The point of the study is not that vitamin B2 is dangerous, because we absolutely need it to live. However, the protection that the vitamin gives cancer cells means it's likely more difficult for drugs to take out those harmful cells.

There's a tricky balance to be found, because ferroptosis isn't necessarily bad either – it's useful at the right time for clearing out biological waste.

The next step will be to figure out how to specifically target this machinery in cancer cells.

Further down the line, something similar to roseoflavin, but custom-made to disrupt cancer cells' access to vitamin B2, could lead to better treatments for killing tumors.

And there's lots of scope for extending the research further, too.

Ferroptosis is triggered by oxidation, a sort of chemical weathering that happens over time.

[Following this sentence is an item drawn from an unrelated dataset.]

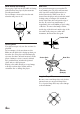 Installation Location Make sure the CDA-7990 will not be installed in a location subjected to: • Direct sun and heat • High humidity and water • Excessive dust • Excessive vibrations Handling the Detachable Front Panel • Do not expose to rain or water. • Do not drop or apply shock. Disc Cleaning Fingerprints, dust, or soil on the surface of the disc could cause the CD player to skip. For routine cleaning, wipe the playing surface with a clean, soft cloth from the center of the disc to the outer edge.

Both oxidative stress and ferroptosis are thought to relate to numerous other conditions besides cancer.

Related: A Common Vitamin Has a Complicated Link to Cancer, Experts Reveal

Researchers have only really taken notice of ferroptosis in recent years, but it's already been linked to health issues like strokes and neurodegenerative disease.

It's possible that this newly discovered role of B2 in ferroptosis could also have implications for future research into these conditions.

"Ferroptosis is not only relevant to cancer," says biologist José Pedro Friedmann Angeli, from the University of Würzburg.

"Increasing evidence suggests that it also contributes to pathological processes in neurodegenerative diseases and in tissue damage following organ transplantation or ischemia-reperfusion injury."

The research has been published in Nature Cell Biology.